**Task instructions**
Return the lines below exactly, please, from the one containing "一七 財務局長中川友次郎ノ内" through the last one, both included, and leave out any pictures.

Start of The records

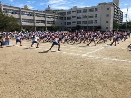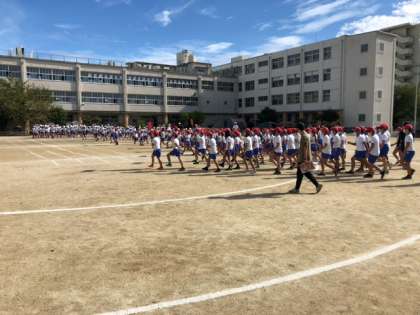 入場、体操隊形、整理体操、閉会式の練習をしました。
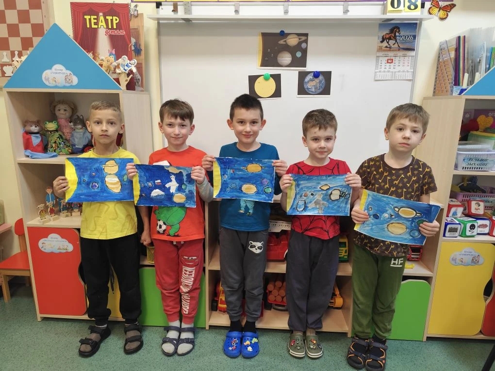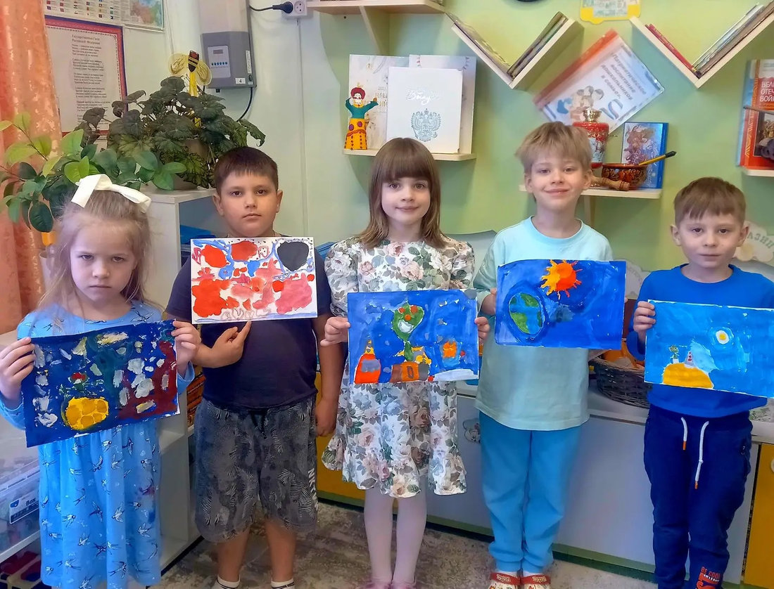 Дети с удовольствием рисовали картинки о космосе, конструировали ракеты и делали аппликации.
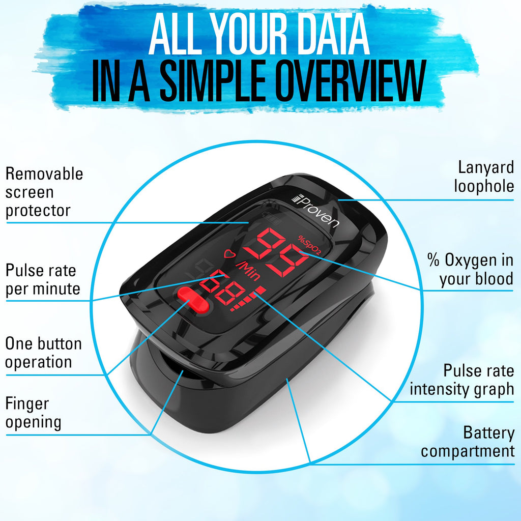 Track your health with iProven's all-in-one Oxygen Monitor. The device is precision-engineered to continuously measure your SpO2, pulse rate, and pulse intensity. This oximeter is the perfect accessory for every sport and aviation enthusiast.
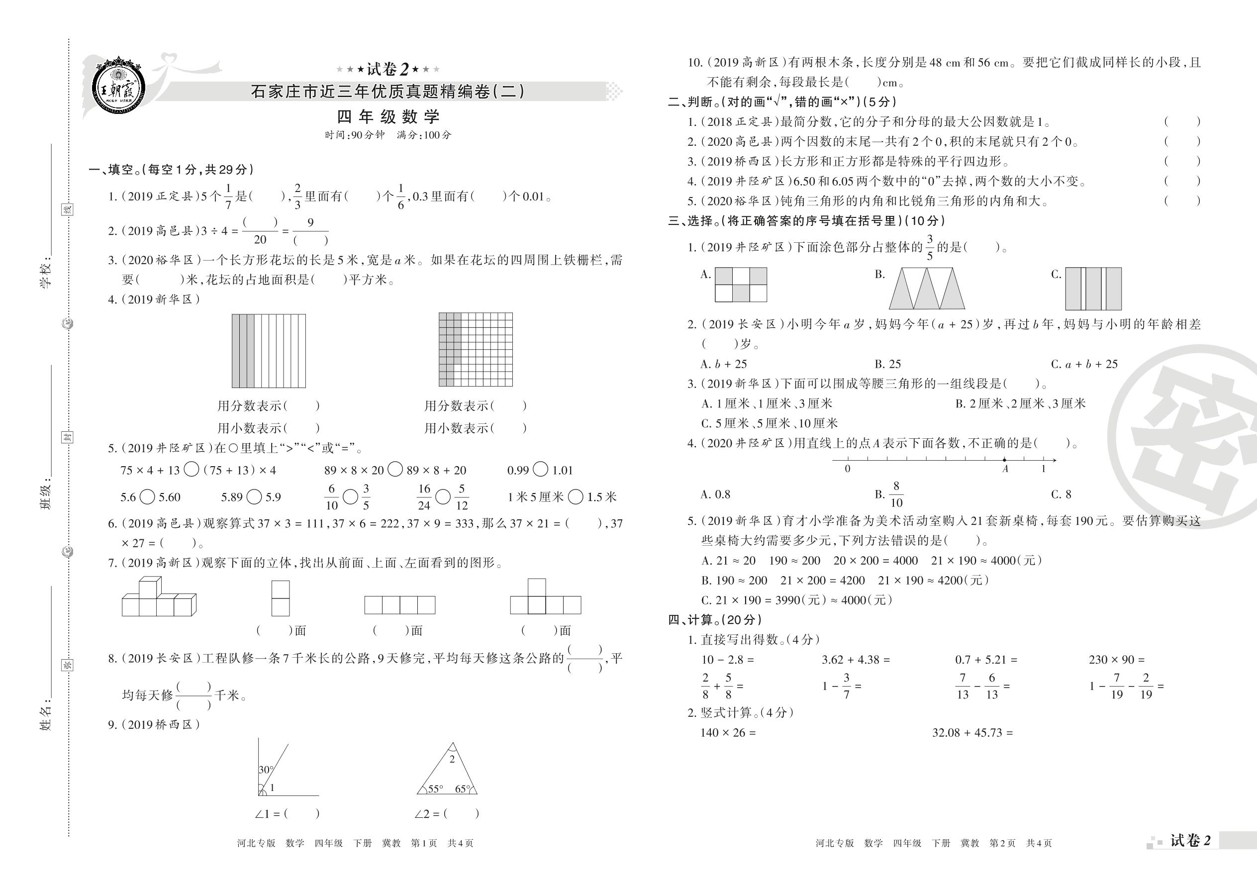 石家庄市近三年优质真题精编卷(二)四年级下册数学(冀教版)【2】
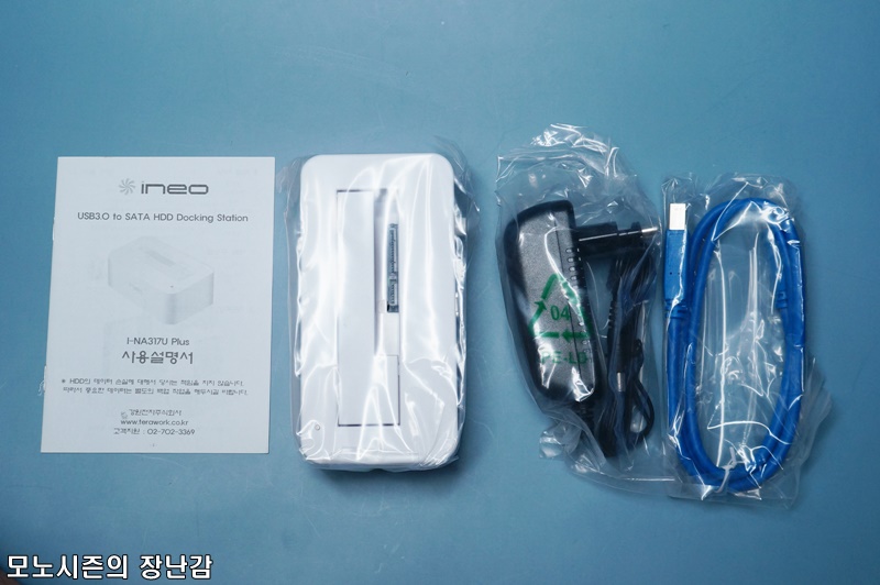 구성품은 도킹스테이션 본체와 전원 어댑터, USB 3.0 케이블, 한글 설명서가 제공되고 제공되는 케이블이 상당히 좋은 품질의 제품이 제공됩니다.
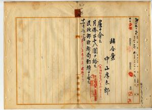 一七 財務局長中川友次郎ノ内申ニヨリ財務局主計課予算決算事務ノ為メ東洋協会専門学校卒業者元台湾総督府雇中山孝太郎ニ雇ヲ命シ民政部財務局勤務ヲ命ス
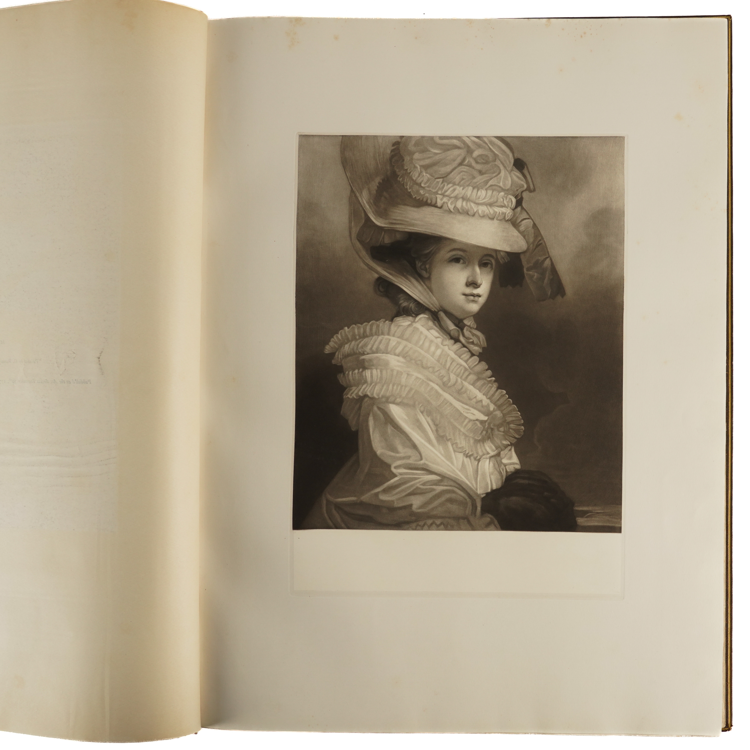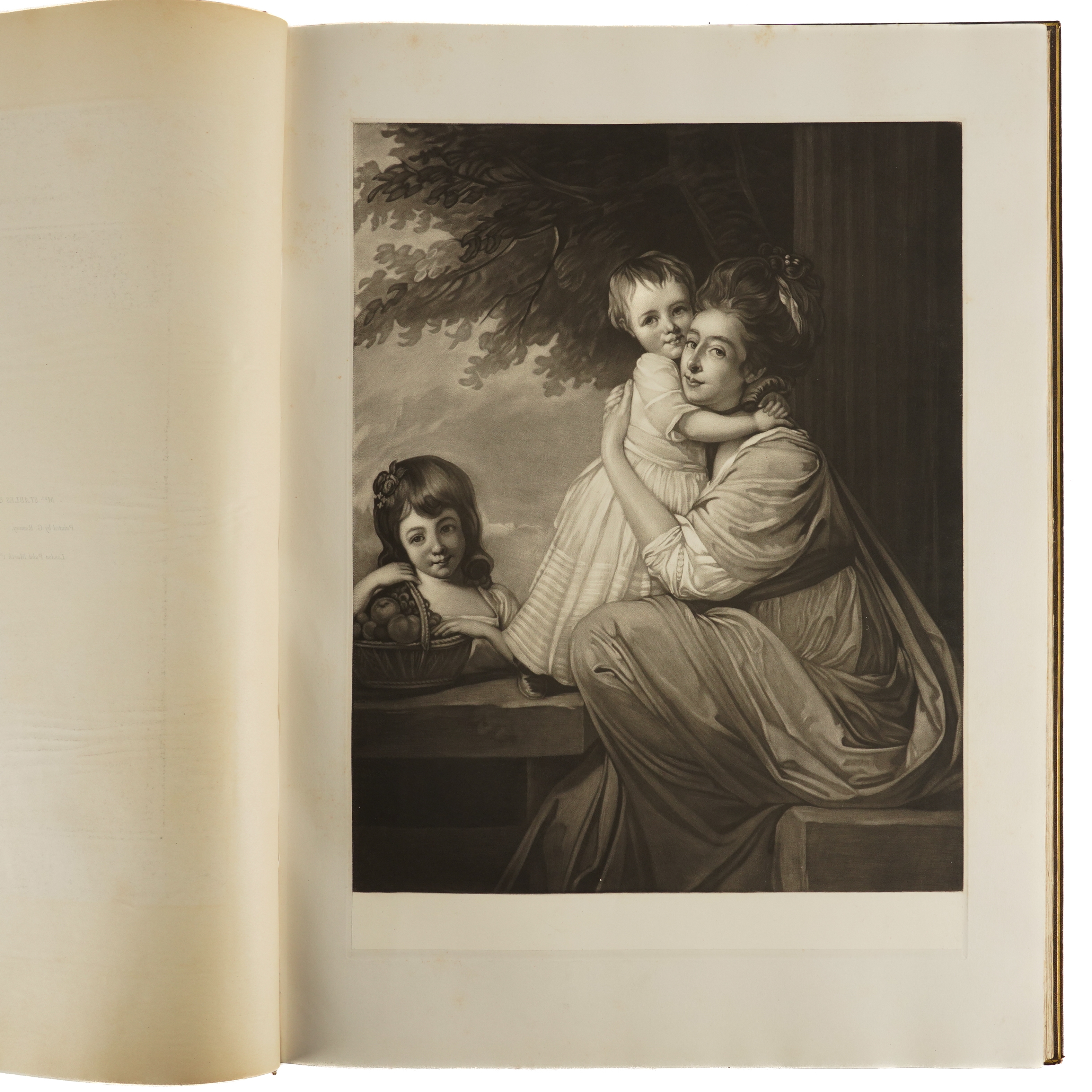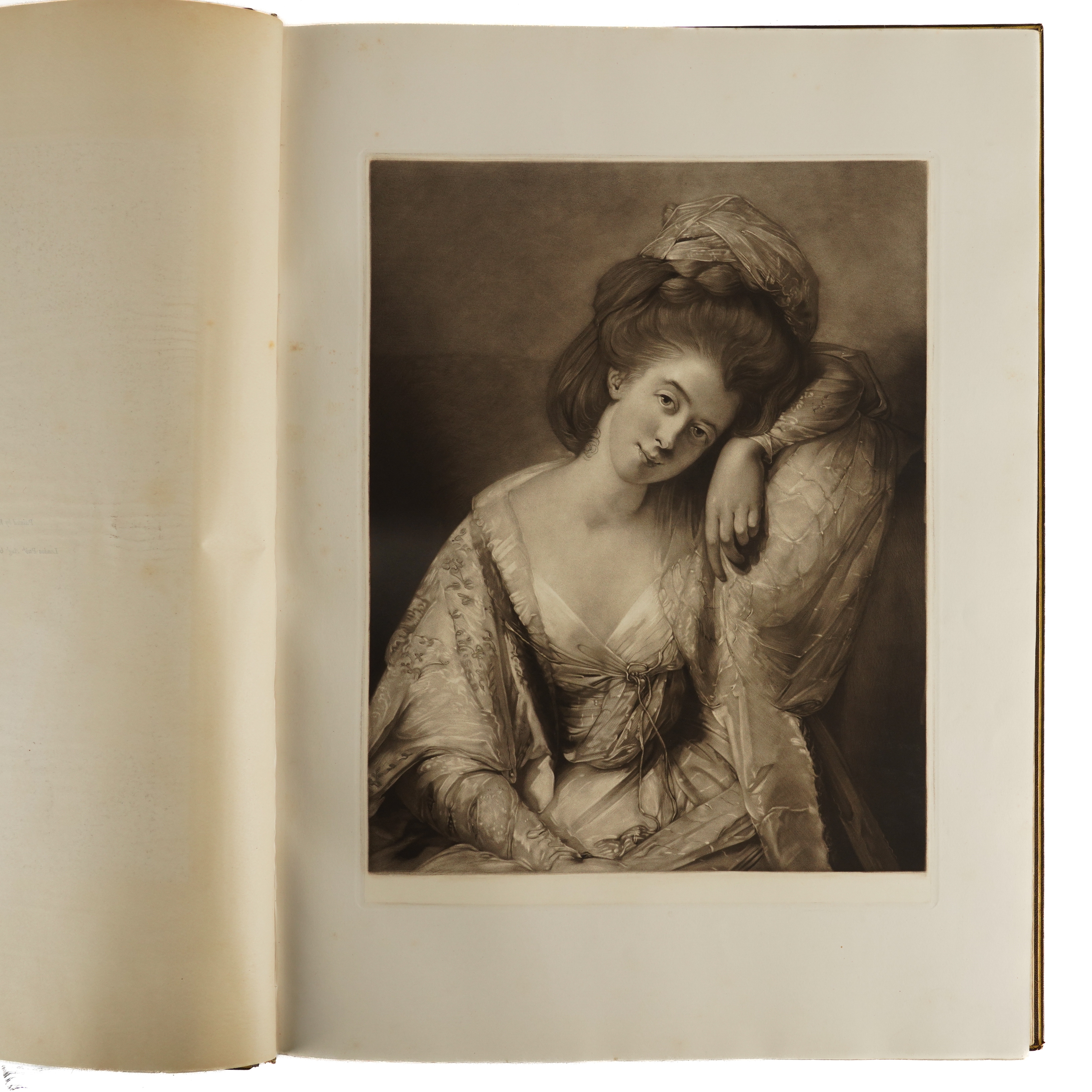 BINDING - Julia FRANKAU (1859-1916). An Eighteenth Century Artist and Engraver. John Raphael Smith. His Life and Works ... A Portfolio containing Fifty Examples of Stipple, Mezzotints Paintings [sic] and Drawings, Printed in Colours and Monochrome. London: Macmillan and Company, 1902. Plate volume only. Very large folio (602 x 445mm). Half title, 50 fine photogravure plates including the title vignette, by John Raphael Smith after Sir Joshua Reynolds, George Romney, John Opie, George Morland and other artists, some coloured, tissue guards (some light spotting and browning to tissue guards, but plate images unaffected). EXCEPTIONALLY FINELY BOUND IN FULL GREEN MOROCCO GILT BY MORRELL, the covers with elaborate tendril and foliate decoration within gilt fillet borders, the spine with 4 raised bands, with foliate decoration in the compartments, wide elaborate dentelles gilt, terracotta watered silk liners (a few inconspicuous scratch marks to the covers, narrow strip lightly rubbed on the lower cover, some very light patches of white staining to the spine and inner edges, corners lightly rubbed, the spine slightly faded). The spine has "Extra Plates" stamped in gilt in one compartment which refers to the 50 plates in the present plate volume rather than the 30 plates in the text volume which is not included here: a printed note indicates its existence on the leaf before the title: "A volume containing a Life of John Raphael Smith, with a Description of Prints and Short Biographies of Persons represented, is issued with this portfolio of prints."

End of The records

**Task result**
 一七 財務局長中川友次郎ノ内申ニヨリ財務局主計課予算決算事務ノ為メ東洋協会専門学校卒業者元台湾総督府雇中山孝太郎ニ雇ヲ命シ民政部財務局勤務ヲ命ス
 BINDING - Julia FRANKAU (1859-1916). An Eighteenth Century Artist and Engraver. John Raphael Smith. His Life and Works ... A Portfolio containing Fifty Examples of Stipple, Mezzotints Paintings [sic] and Drawings, Printed in Colours and Monochrome. London: Macmillan and Company, 1902. Plate volume only. Very large folio (602 x 445mm). Half title, 50 fine photogravure plates including the title vignette, by John Raphael Smith after Sir Joshua Reynolds, George Romney, John Opie, George Morland and other artists, some coloured, tissue guards (some light spotting and browning to tissue guards, but plate images unaffected). EXCEPTIONALLY FINELY BOUND IN FULL GREEN MOROCCO GILT BY MORRELL, the covers with elaborate tendril and foliate decoration within gilt fillet borders, the spine with 4 raised bands, with foliate decoration in the compartments, wide elaborate dentelles gilt, terracotta watered silk liners (a few inconspicuous scratch marks to the covers, narrow strip lightly rubbed on the lower cover, some very light patches of white staining to the spine and inner edges, corners lightly rubbed, the spine slightly faded). The spine has "Extra Plates" stamped in gilt in one compartment which refers to the 50 plates in the present plate volume rather than the 30 plates in the text volume which is not included here: a printed note indicates its existence on the leaf before the title: "A volume containing a Life of John Raphael Smith, with a Description of Prints and Short Biographies of Persons represented, is issued with this portfolio of prints."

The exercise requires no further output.